Simons Center for Quantitative Biology, Cold Spring Harbor Laboratory, Cold Spring Harbor, NY.
Physiology, Biophysics, and Systems Biology, Weill Cornell Medical College, New York, NY.
Mol Biol Evol. 2020 Jul 1;37(7):2137-2152. doi: 10.1093/molbev/msaa073.
Evolutionary changes in gene expression are often driven by gains and losses of cis-regulatory elements (CREs). The dynamics of CRE evolution can be examined using multispecies epigenomic data, but so far such analyses have generally been descriptive and model-free. Here, we introduce a probabilistic modeling framework for the evolution of CREs that operates directly on raw chromatin immunoprecipitation and sequencing (ChIP-seq) data and fully considers the phylogenetic relationships among species.

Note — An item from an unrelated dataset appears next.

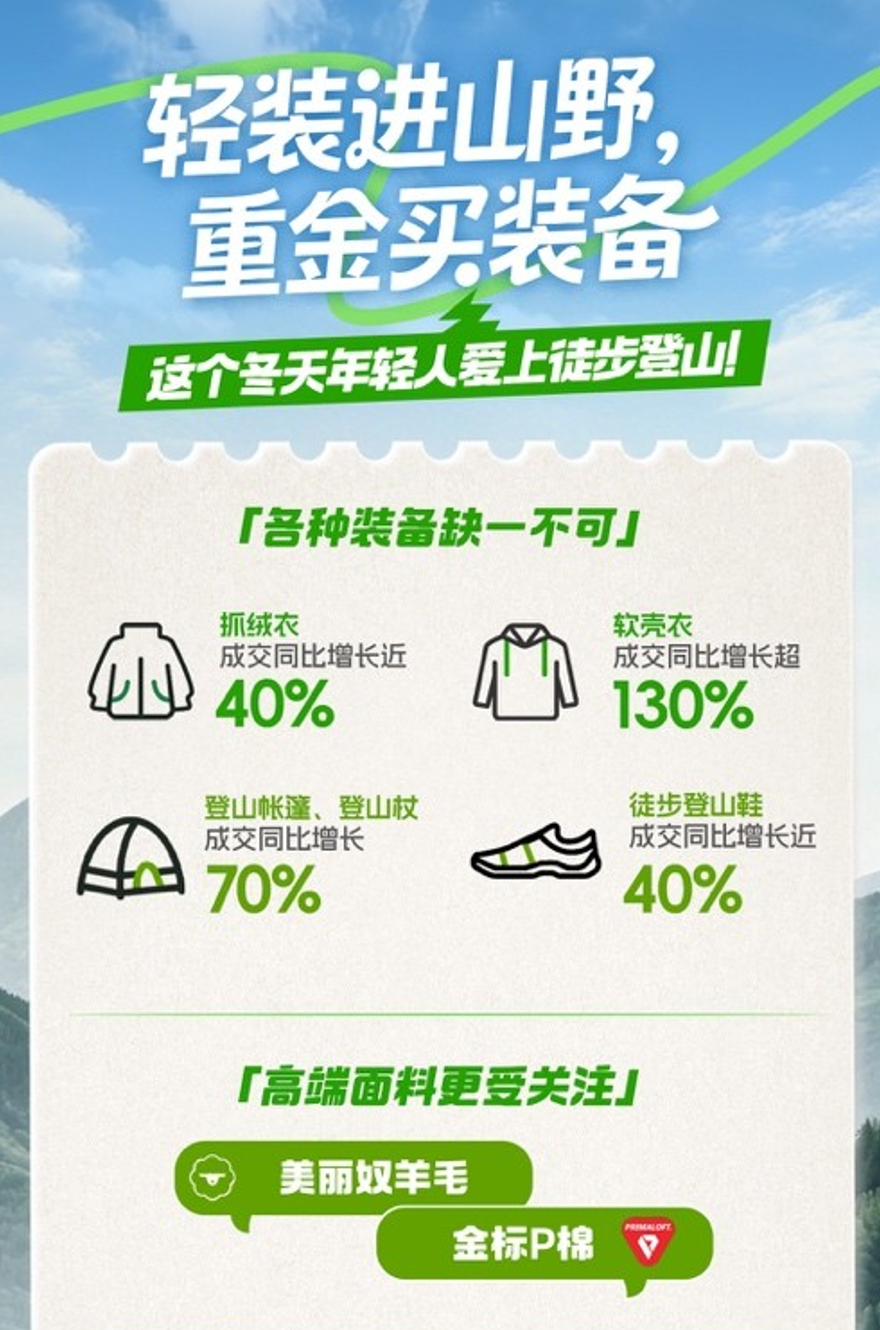 12月以来,平台上登山帐篷、登山杖成交同比增长70%,徒步登山鞋成交同比增长近40%,同时带动全品类户外服饰热销,功能内衣成交同比增长近30%,抓绒衣成交同比增长近40%,保暖棉衣成交同比增长近80%,软壳衣成交同比增长超130%,“美丽奴羊毛”、“金标P棉”等户外徒步登山服饰高端面料,搜索量同比增长超100%。
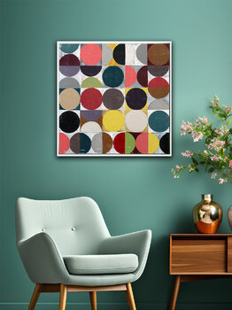 Ein geometrisches Gemälde mit kontrastierenden geometrischen Kugeln im Vintage-Stil. Schweres Acryl sorgt für satte Texturen und starke Kontraste. Es ist ein verspielter Tanz aus Formen und Farben, der jeden Raum aufwertet und belebt und Nostalgie mit einem frischen, modernen Pop-Art-Geist verbindet. Dieses Gemälde strahlt Dynamik und Wärme aus und lädt Sie ein, den Rhythmus der schönen Muster des Lebens jeden Tag zu spüren.

Our framework includes a phylogenetic hidden Markov model, called epiPhyloHMM, for identifying the locations of multiply aligned CREs, and a combined phylogenetic and generalized linear model, called phyloGLM, for accounting for the influence of a rich set of genomic features in describing their evolutionary dynamics. We apply these methods to previously published ChIP-seq data for the H3K4me3 and H3K27ac histone modifications in liver tissue from nine mammals. We find that enhancers are gained and lost during mammalian evolution at about twice the rate of promoters, and that turnover rates are negatively correlated with DNA sequence conservation, expression level, and tissue breadth, and positively correlated with distance from the transcription start site, consistent with previous findings. In addition, we find that the predicted dosage sensitivity of target genes positively correlates with DNA sequence constraint in CREs but not with turnover rates, perhaps owing to differences in the effect sizes of the relevant mutations. Altogether, our probabilistic modeling framework enables a variety of powerful new analyses.
基因表达的进化变化通常是由顺式调控元件(CREs)的获得和丧失驱动的。可以使用多物种表观基因组学数据来研究 CRE 进化的动态,但到目前为止,这种分析通常是描述性的,没有模型。在这里,我们引入了一个用于 CRE 进化的概率建模框架,该框架可以直接在原始染色质免疫沉淀和测序(ChIP-seq)数据上运行,并充分考虑物种之间的系统发育关系。我们的框架包括一个称为 epiPhyloHMM 的系统发育隐马尔可夫模型,用于识别多重对齐的 CRE 位置,以及一个组合的系统发育和广义线性模型,称为 phyloGLM,用于在描述其进化动态时考虑丰富的基因组特征。我们将这些方法应用于先前发表的来自 9 种哺乳动物肝脏组织的 H3K4me3 和 H3K27ac 组蛋白修饰的 ChIP-seq 数据。我们发现,在哺乳动物进化过程中,增强子的获得和丧失率大约是启动子的两倍,而周转率与 DNA 序列保守性、表达水平和组织广度呈负相关,与转录起始位点的距离呈正相关,这与先前的发现一致。此外,我们发现靶基因的预测剂量敏感性与 CRE 中的 DNA 序列约束呈正相关,但与周转率无关,这可能是由于相关突变的效应大小不同。总的来说,我们的概率建模框架能够进行各种强大的新分析。